EXERCISE DATA:
- - - -
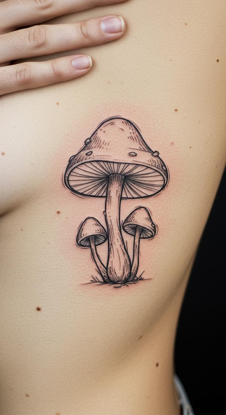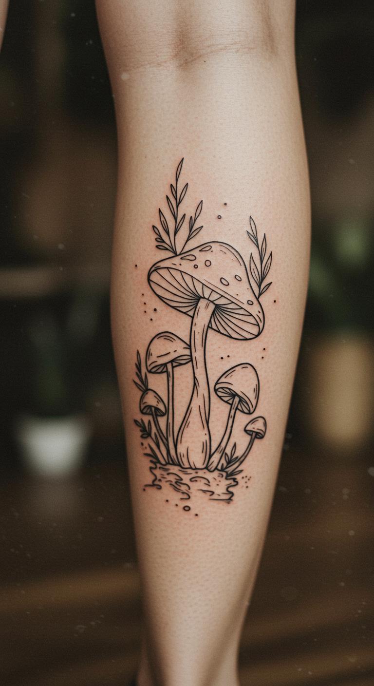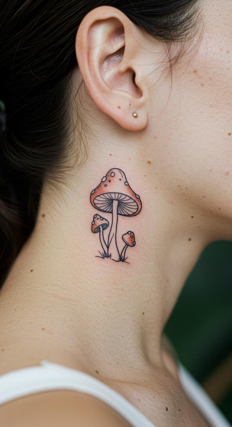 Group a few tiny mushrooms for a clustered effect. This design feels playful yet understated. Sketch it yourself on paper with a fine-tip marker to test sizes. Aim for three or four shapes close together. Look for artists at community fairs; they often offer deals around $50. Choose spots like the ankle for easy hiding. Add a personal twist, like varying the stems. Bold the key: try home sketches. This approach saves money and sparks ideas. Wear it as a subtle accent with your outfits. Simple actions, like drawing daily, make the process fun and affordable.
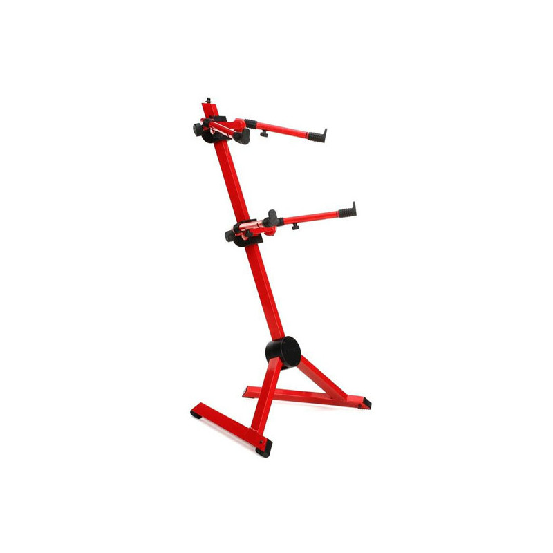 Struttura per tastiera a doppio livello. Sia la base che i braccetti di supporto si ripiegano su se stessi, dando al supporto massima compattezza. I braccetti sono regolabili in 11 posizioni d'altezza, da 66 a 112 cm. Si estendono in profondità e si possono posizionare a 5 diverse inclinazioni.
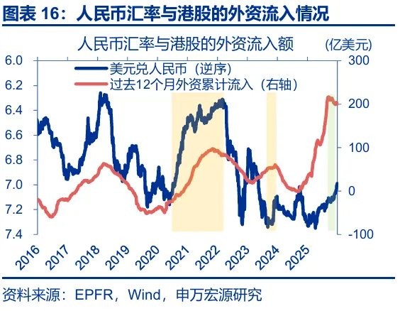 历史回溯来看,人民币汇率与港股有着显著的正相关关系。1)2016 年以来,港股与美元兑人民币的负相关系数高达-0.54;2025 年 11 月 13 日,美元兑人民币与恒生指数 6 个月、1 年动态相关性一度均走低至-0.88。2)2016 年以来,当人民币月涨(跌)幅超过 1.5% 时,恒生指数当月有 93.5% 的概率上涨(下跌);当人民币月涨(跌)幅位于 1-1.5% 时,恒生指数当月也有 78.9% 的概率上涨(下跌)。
- - - -
REQUIRED WORK:
Repeat the full listing above without altering a word, and skip the pictures.

RESULT BELOW:
 Group a few tiny mushrooms for a clustered effect. This design feels playful yet understated. Sketch it yourself on paper with a fine-tip marker to test sizes. Aim for three or four shapes close together. Look for artists at community fairs; they often offer deals around $50. Choose spots like the ankle for easy hiding. Add a personal twist, like varying the stems. Bold the key: try home sketches. This approach saves money and sparks ideas. Wear it as a subtle accent with your outfits. Simple actions, like drawing daily, make the process fun and affordable.
 Struttura per tastiera a doppio livello. Sia la base che i braccetti di supporto si ripiegano su se stessi, dando al supporto massima compattezza. I braccetti sono regolabili in 11 posizioni d'altezza, da 66 a 112 cm. Si estendono in profondità e si possono posizionare a 5 diverse inclinazioni.
 历史回溯来看,人民币汇率与港股有着显著的正相关关系。1)2016 年以来,港股与美元兑人民币的负相关系数高达-0.54;2025 年 11 月 13 日,美元兑人民币与恒生指数 6 个月、1 年动态相关性一度均走低至-0.88。2)2016 年以来,当人民币月涨(跌)幅超过 1.5% 时,恒生指数当月有 93.5% 的概率上涨(下跌);当人民币月涨(跌)幅位于 1-1.5% 时,恒生指数当月也有 78.9% 的概率上涨(下跌)。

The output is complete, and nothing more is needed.